> [What needs to be done] Locate the line containing "Audi bildet aktuell" in the material below. Copy that line and all following lines through the end exactly, omitting any pictures.

> [Collected data]
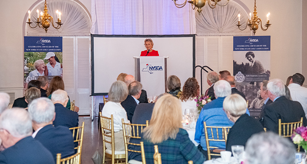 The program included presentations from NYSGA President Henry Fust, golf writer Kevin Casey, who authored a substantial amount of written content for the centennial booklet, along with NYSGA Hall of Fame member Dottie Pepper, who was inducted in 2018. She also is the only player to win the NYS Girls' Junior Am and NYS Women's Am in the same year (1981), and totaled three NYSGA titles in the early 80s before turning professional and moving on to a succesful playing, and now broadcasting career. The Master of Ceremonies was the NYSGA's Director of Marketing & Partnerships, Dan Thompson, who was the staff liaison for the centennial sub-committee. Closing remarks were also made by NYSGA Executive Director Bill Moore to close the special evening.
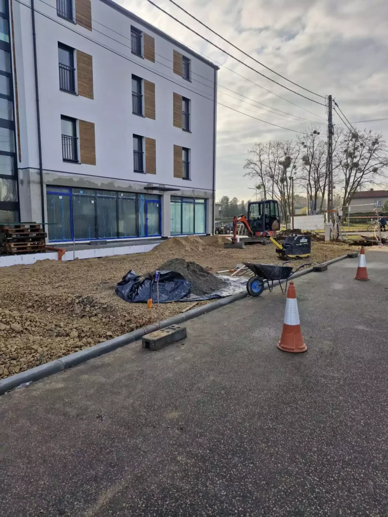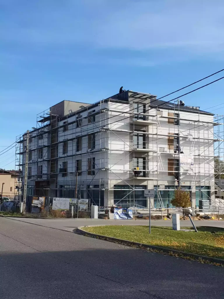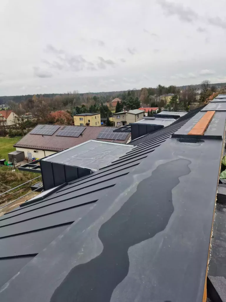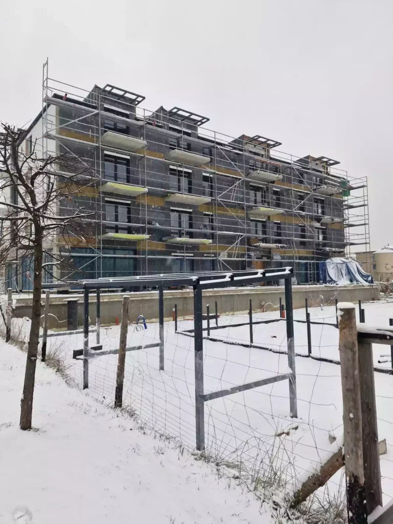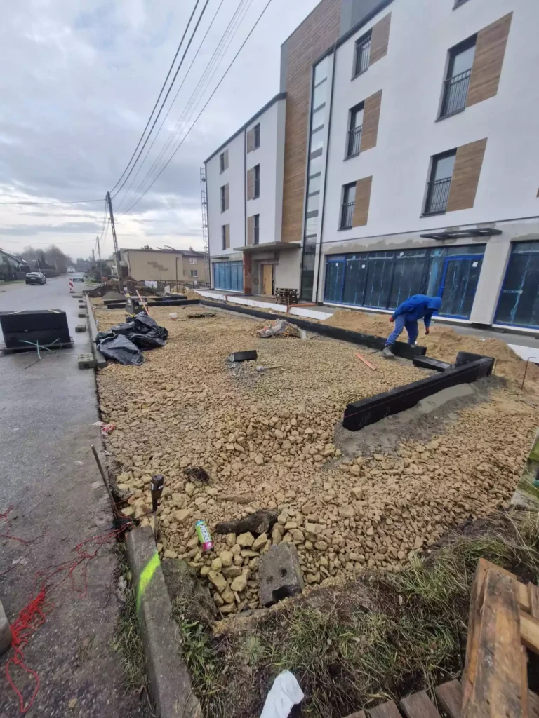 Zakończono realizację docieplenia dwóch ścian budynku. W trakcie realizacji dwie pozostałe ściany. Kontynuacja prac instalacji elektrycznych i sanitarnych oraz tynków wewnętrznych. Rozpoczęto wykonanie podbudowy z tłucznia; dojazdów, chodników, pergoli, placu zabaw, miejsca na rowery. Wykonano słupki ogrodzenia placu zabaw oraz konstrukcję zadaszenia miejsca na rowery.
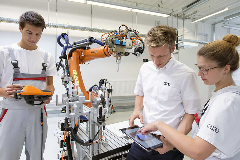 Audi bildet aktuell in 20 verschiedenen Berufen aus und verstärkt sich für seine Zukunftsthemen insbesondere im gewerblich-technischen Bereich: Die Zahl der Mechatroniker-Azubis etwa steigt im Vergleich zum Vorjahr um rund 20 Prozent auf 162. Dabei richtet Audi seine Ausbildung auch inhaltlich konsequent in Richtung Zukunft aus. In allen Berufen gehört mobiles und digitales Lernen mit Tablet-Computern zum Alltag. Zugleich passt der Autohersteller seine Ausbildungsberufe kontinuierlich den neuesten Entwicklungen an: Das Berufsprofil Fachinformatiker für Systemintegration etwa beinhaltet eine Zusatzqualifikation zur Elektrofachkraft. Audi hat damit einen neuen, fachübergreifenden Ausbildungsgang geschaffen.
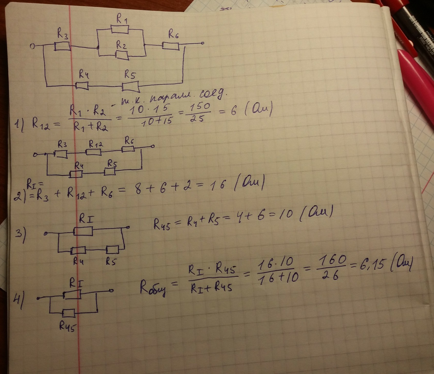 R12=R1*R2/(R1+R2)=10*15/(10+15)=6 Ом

> [Reply to the task]
 Audi bildet aktuell in 20 verschiedenen Berufen aus und verstärkt sich für seine Zukunftsthemen insbesondere im gewerblich-technischen Bereich: Die Zahl der Mechatroniker-Azubis etwa steigt im Vergleich zum Vorjahr um rund 20 Prozent auf 162. Dabei richtet Audi seine Ausbildung auch inhaltlich konsequent in Richtung Zukunft aus. In allen Berufen gehört mobiles und digitales Lernen mit Tablet-Computern zum Alltag. Zugleich passt der Autohersteller seine Ausbildungsberufe kontinuierlich den neuesten Entwicklungen an: Das Berufsprofil Fachinformatiker für Systemintegration etwa beinhaltet eine Zusatzqualifikation zur Elektrofachkraft. Audi hat damit einen neuen, fachübergreifenden Ausbildungsgang geschaffen.
 R12=R1*R2/(R1+R2)=10*15/(10+15)=6 Ом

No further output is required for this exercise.